管道优化:$match用于对文档进行筛选,之后可以在得到的文档子集上做聚合,$match可以使用除了地理空间之外的所有常规查询操作符,在实际应用中尽可能将$match放在管道的前面位置。这样有两个好处:一是可以快速将不需要的文档过滤掉,以减少管道的工作量;二是如果再投射和分组之前执行$match,查询可以使用索引。
示例1:match做简单的匹配查询
> db.articles.find()
{ "_id" : ObjectId("5d3ac60cb3a8911f2c1a70db"), "author" : "Dave", "score" : 80, "views" : 100 }
{ "_id" : ObjectId("5d3ac617b3a8911f2c1a70dc"), "author" : "Dave", "score" : 85, "views" : 521 }
{ "_id" : ObjectId("5d3ac62ab3a8911f2c1a70dd"), "author" : "Ahn", "score" : 60, "views" : 1000 }
{ "_id" : ObjectId("5d3ac63bb3a8911f2c1a70de"), "author" : "li", "score" : 55, "views" : 5000 }
{ "_id" : ObjectId("5d3ac64bb3a8911f2c1a70df"), "author" : "annT", "score" : 60, "views" : 50 }
{ "_id" : ObjectId("5d3ac65fb3a8911f2c1a70e0"), "author" : "li", "score" : 94, "views" : 999 }
{ "_id" : ObjectId("5d3ac66fb3a8911f2c1a70e1"), "author" : "Ty", "score" : 95, "views" : 1000 }
> db.articles.aggregate(
... [{$match : {author : "Dave"}}]
... )
{ "_id" : ObjectId("5d3ac60cb3a8911f2c1a70db"), "author" : "Dave", "score" : 80, "views" : 100 }
{ "_id" : ObjectId("5d3ac617b3a8911f2c1a70dc"), "author" : "Dave", "score" : 85, "views" : 521 }
示例2:使用$match管道选择要处理的文档,然后将结果输出到$group管道以计算文档的计数($match选择score大于70小于90或views大于等于1000的文件,通过管道送往$group计数):
> db.articles.aggregate( [
... { $match: { $or: [ { score: { $gt: 70, $lt: 90 } }, { views: { $gte: 1000 } } ] } },
... { $group: { _id: null, count: { $sum: 1 } } }
... ] )
{ "_id" : null, "count" : 5 }
(4) $unwind
从输入文档解构数组字段以输出每个元素的文档。每个输出文档都是输入文档,其中数组字段的值由元素替换。

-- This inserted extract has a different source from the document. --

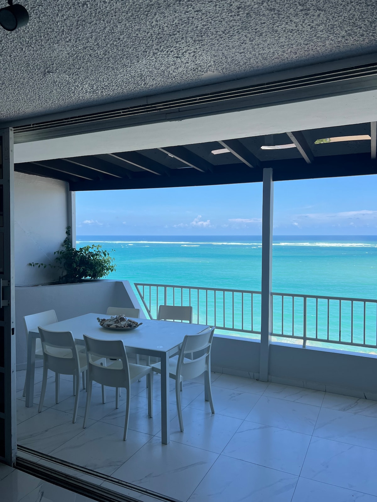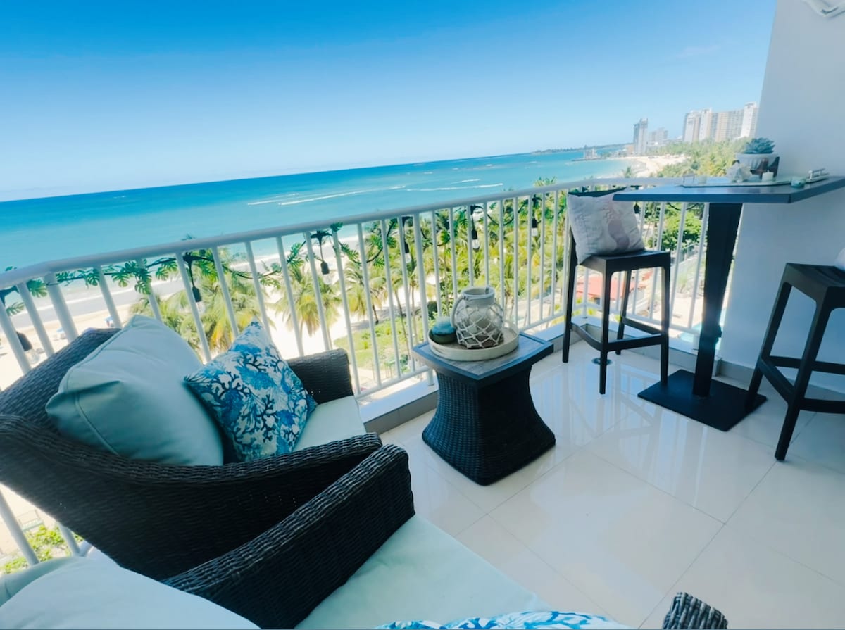 Front la ocean cu balcon. Toate pardoselile din gresie de ciment, bucătăria și baia actualizate, echipate pentru o vacanță frumoasă pe plajă sau șederi de scurtă sau lungă durată. Wi-Fi și 2 televizoare mari cu ecran plat. Vedere superbă a oceanului albastru și a cerului. Balcon privat. Pe plajă cu piscină, terenuri de sport, terase, zonă de grătar și picnic. La 5 minute de aeroportul San Juan ( SJU). Împărtășește aceeași plajă cu nisip alb neted cu faimosul hotel El Juan și Caino & Water Club și alte hoteluri de 5 stele.

示例1:$unwind为sizes数组中的每个元素输出一个文档:
> db.inventory.find()
{ "_id" : 1, "item" : "ABC1", "sizes" : [ "S", "M", "L" ] }
> db.inventory.aggregate([{$unwind : "$sizes"}])
{ "_id" : 1, "item" : "ABC1", "sizes" : "S" }
{ "_id" : 1, "item" : "ABC1", "sizes" : "M" }
{ "_id" : 1, "item" : "ABC1", "sizes" : "L" }
path | 数组字段的字段路径。要指定字段路径,请在字段名称前加上美元符号$,并用引号括起来。 |
---|---|
includeArrayIndex | 可选的。用于保存元素的数组索引的新字段的名称。该名称不能以美元符号开头$。 |
preserveNullAndEmptyArrays | 可选的。如果true,如果path为null、缺少或为空数组,则 $unwind输出文档。如果false,$unwind如果path为null,缺少或空数组, 则不输出文档。默认值为false。 |
示例2:以下$unwind操作是等效的,并返回sizes字段中每个元素的文档
> db.inventory.find()
{ "_id" : 1, "item" : "ABC", "sizes" : [ "S", "M", "L" ] }
{ "_id" : 2, "item" : "EFG", "sizes" : [ ] }
{ "_id" : 3, "item" : "IJK", "sizes" : "M" }
{ "_id" : 4, "item" : "LMN" }
{ "_id" : 5, "item" : "XYZ", "sizes" : null }
> db.inventory.aggregate( [ { $unwind: "$sizes" } ]
... )
{ "_id" : 1, "item" : "ABC", "sizes" : "S" }
{ "_id" : 1, "item" : "ABC", "sizes" : "M" }
{ "_id" : 1, "item" : "ABC", "sizes" : "L" }
{ "_id" : 3, "item" : "IJK", "sizes" : "M" }
> db.inventory.aggregate( [ { $unwind: { path: "$sizes" } } ] ) //与上一个操作等价
{ "_id" : 1, "item" : "ABC", "sizes" : "S" }
{ "_id" : 1, "item" : "ABC", "sizes" : "M" }
{ "_id" : 1, "item" : "ABC", "sizes" : "L" }
{ "_id" : 3, "item" : "IJK", "sizes" : "M" }
示例3:$unwind操作使用includeArrayIndex选项来输出数组元素的数组索引。
> db.inventory.aggregate( [ { $unwind: { path: "$sizes", includeArrayIndex: "arrayIndex" } } ] )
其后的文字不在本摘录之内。